The Triumph of the Old New Left: UK Labour moves away from the centre

By ann summers

A perhaps stunning victory for a party frustrated with recent defeats, and with perhaps the infusion of underrepresented elements, the leadership of the UK Labour Party has risen/fallen in a 59% vote for a repudiation of the Tony Blair New Labour faction which during its history so often emulated a triangulating US political party often driven by focus groups and polling and ambivalent on issues of austerity as well as devolution of regional power. Whether this is a cautionary tale for the US Democratic party remains to be seen, since 2020 is when Jeremy Corbyn’s leadership will be truly tested, but he has a clear vision for the Labour party.

We entered this contest to ensure there was a real political alternative put to the status quo of austerity and a society skewed towards the super-rich. Every one of us has been part of that – whether by sharing a Facebook post or talking about these ideas with friends and colleagues. We have put the case for the fairer, more democratic and decent society we all strive for. This work must continue.

It’s probably more like the hypothetical of Barbara Lee becoming US House minority leader or Bernie Sanders becoming Senate minority leader, but it does signal something about popular dissatisfaction for neoliberal policies or centrist tendencies, as this parodic tweet suggests


Few, if anyone, gave Jeremy Corbyn much chance when he scraped on to the list of Labour leadership candidates in June. Not the MPs backing him. Not the media. Not the bookies. Not even his own small campaign team.

One of the key figures in that team, Kat Fletcher, did go into a betting shop in London’s Holloway Road to put £20 on him early on. The odds were 100-1.

In spite of that bet, Fletcher, the deputy mayor of Islington in London, admitted this week she did not place it with any sense of confidence. “To be honest, the bet was an act of solidarity,” she said. “It was so I could tell Jeremy that I had backed him.”

Corbyn has defied not only Fletcher’s expectations but everyone else’s.
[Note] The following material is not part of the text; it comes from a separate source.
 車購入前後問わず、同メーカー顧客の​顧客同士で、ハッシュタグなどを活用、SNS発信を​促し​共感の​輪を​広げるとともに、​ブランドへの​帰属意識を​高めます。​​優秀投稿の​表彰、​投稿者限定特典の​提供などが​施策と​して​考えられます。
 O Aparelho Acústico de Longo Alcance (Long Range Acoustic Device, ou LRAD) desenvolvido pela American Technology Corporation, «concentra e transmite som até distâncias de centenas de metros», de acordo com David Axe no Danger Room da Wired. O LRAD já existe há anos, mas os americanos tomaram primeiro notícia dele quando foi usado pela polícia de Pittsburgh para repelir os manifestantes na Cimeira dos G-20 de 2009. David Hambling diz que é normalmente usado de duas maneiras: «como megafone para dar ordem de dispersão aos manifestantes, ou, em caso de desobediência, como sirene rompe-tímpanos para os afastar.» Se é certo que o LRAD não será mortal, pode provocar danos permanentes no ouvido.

He has come from the fringes of Labour politics, where people still proudly describe themselves as socialists and refer to one another as comrade, to lead one of the biggest grassroots political uprisings in the UK in recent times, a movement that has taken him to the verge of becoming party leader.
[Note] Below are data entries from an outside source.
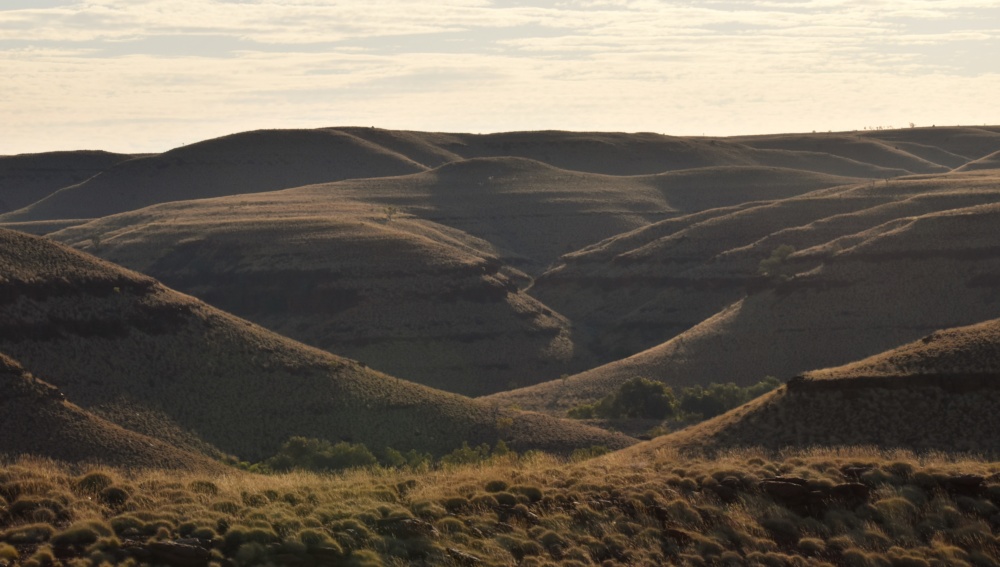 Die Stunde auf dem „Feldweg“ brauchen wir auch zurück, beim Python Pool gehen wir wieder schwimmen. Wir fahren 50km zurück und biegen dann Richtung Pannawonica ab. Die Piste ist ganz gut, auf den 100km kommen uns 4 Fahrzeuge entgegen. Das wär doch was, München – Garmisch und 4 Fahrzeuge! Es ist bewölkt, aber drückend heiß. In Pannawonica angekommen, finden wir in dem übersichtlichen Ort gleich den Campingplatz. Das sind vier Stellplätze mit Stromanschluss bei einem Sportplatz. Es gibt eine Post, eine Bücherei, einen Supermarkt und eine Kneipe. Alle Häuser schauen gleich aus, wir wundern uns. Aber dann erfahren wir, dass hier eine große Mine ist und alle, die dort arbeiten, können umsonst wohnen. Müssen nur Strom und Wasser bezahlen. Es gibt ein Schwimmbad, alle, auch wir, können es umsonst benutzen. Schwimmen ist schön, die Duschen sind geräumig und sauber.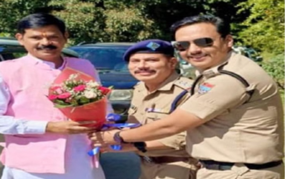वर्दी में भाजपा नेता का स्वागत कर फंसे कोतवाल और पुलिस जवान, फोटो वायरल होते ही मचा बवाल, एसपी ने दिए जांच के आदेश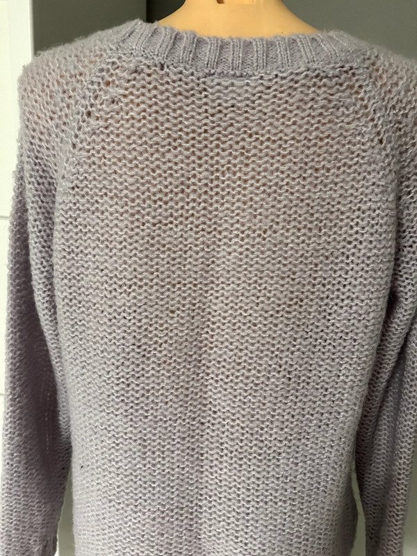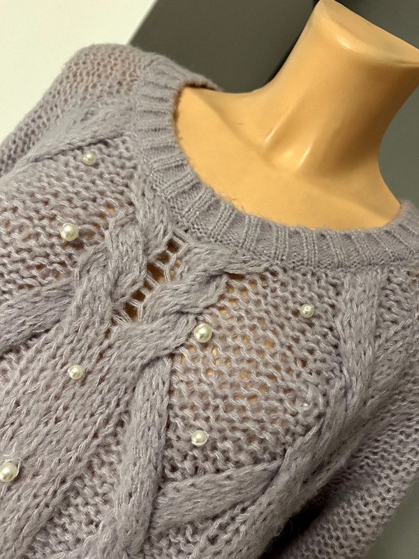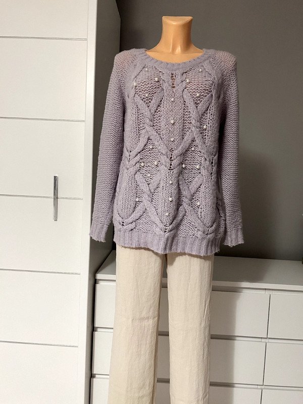 Sweter z alpaką i wełną w składzie, Vila, r. XS ale pasuje również na S i M, modny liliowy kolor, warkoczowy wzór z przodu z ozdobnymi perełkami.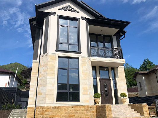 Площадь коттеджа 241 м2, Европейский стиль, собственная огороженная территория с парковкой на 2 автомобиля.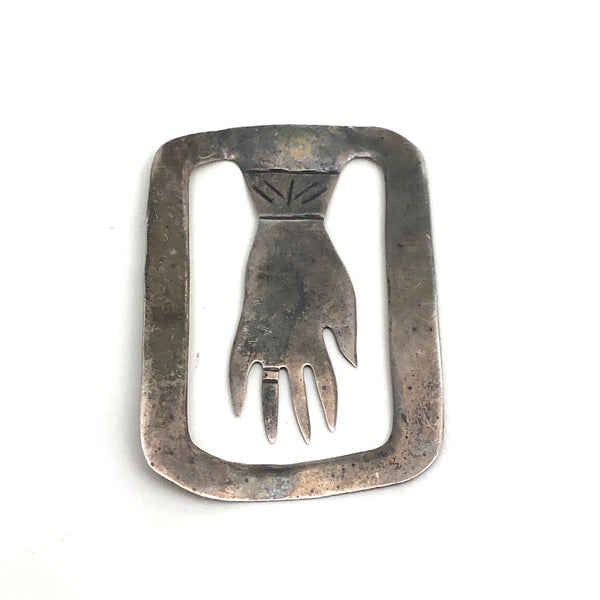 Perhaps meant as a wedding gift, the fabulous hand on this Mexican 925 silver bookmark (page clip) wears a wedding ring on one side--though I'm a bit partial to the bare handed reverse!) Works both ways, though, and though I haven't polished it, the silver is in very good shape. Really, what better gift to give to a reader who is also one's love?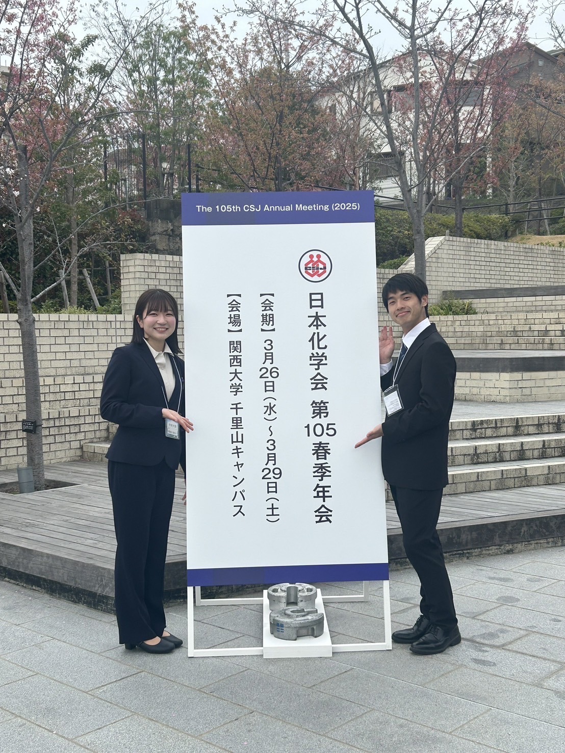 M2阿部田、M2芝間、M1堀之内、M1関口、B4風間が関西大学千里山キャンパスで行われた日本化学会第105春季年会でポスター発表を行いました。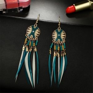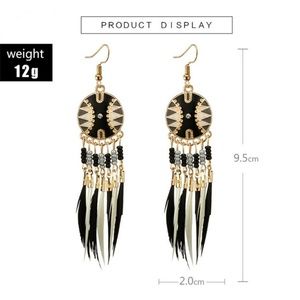 Elevate your style with these chic black and gold dangle earrings. Perfect for any occasion.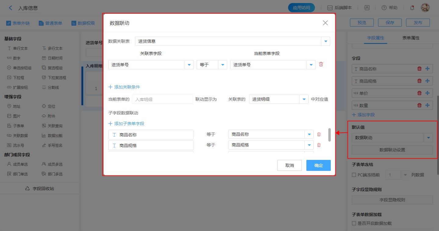7.子表单联动,关联表单为【进货信息】,数据联动【进货信息】里面的“进货明细”中的“商品名称”、“商品规格”、“单价”、“数量”。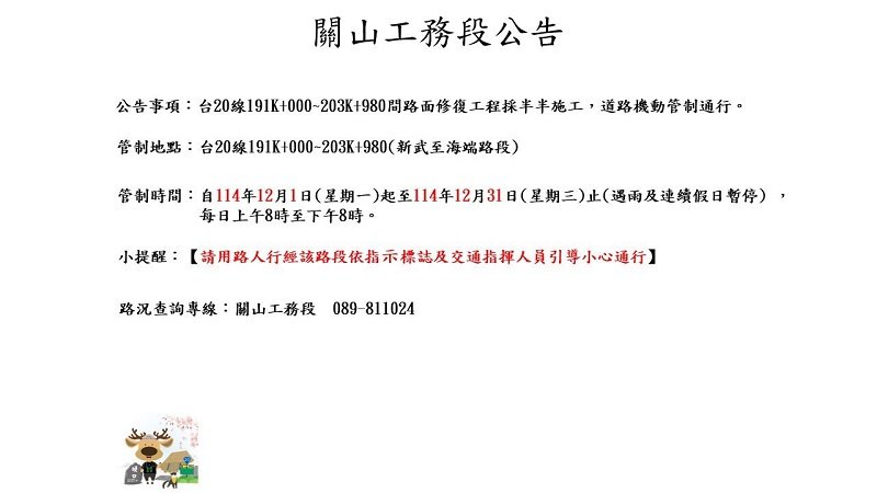 公路局南區養護工程分局為辦理「台20線191K+000~203K+980間路面修復工程」,(臺東縣海端鄉新武~海端),將於114年12月1日(星期一)起至114年12月31日(星期三)止(遇雨及連續假日暫停),每日上午8時至下午8時路面刨鋪及標線施工,施工期間原則採半半施工,惟施工路段因受限路幅寬度不足及機具作業所需,部分路段短時間將採單線雙向輪流放行方式管制交通,請用路人行經該路段依指示標誌及交通指揮人員引導小心減速慢行。

It all goes to show that our own James O’Keefe is simply not coughing up the bucks to do his dirty work. Would American Democrats have paid 3 pounds Stirling ($4.63 USD) to join the GOP in order to ensure that Donald Trump or Reince Priebus was the top Republican?

Andy Burnham’s team said they would refer the Sun newspaper to the regulator Ipso after an undercover reporter from the tabloid posing as a potential donor recorded him saying Jeremy Corbyn would be a disaster for the Labour party…..During the Sun’s sting, an undercover journalist posing as a wealthy foreign donor gave £5,000 to Faiz ul Rasool, a businessman and Labour party donor, who arranged for him to meet Burnham.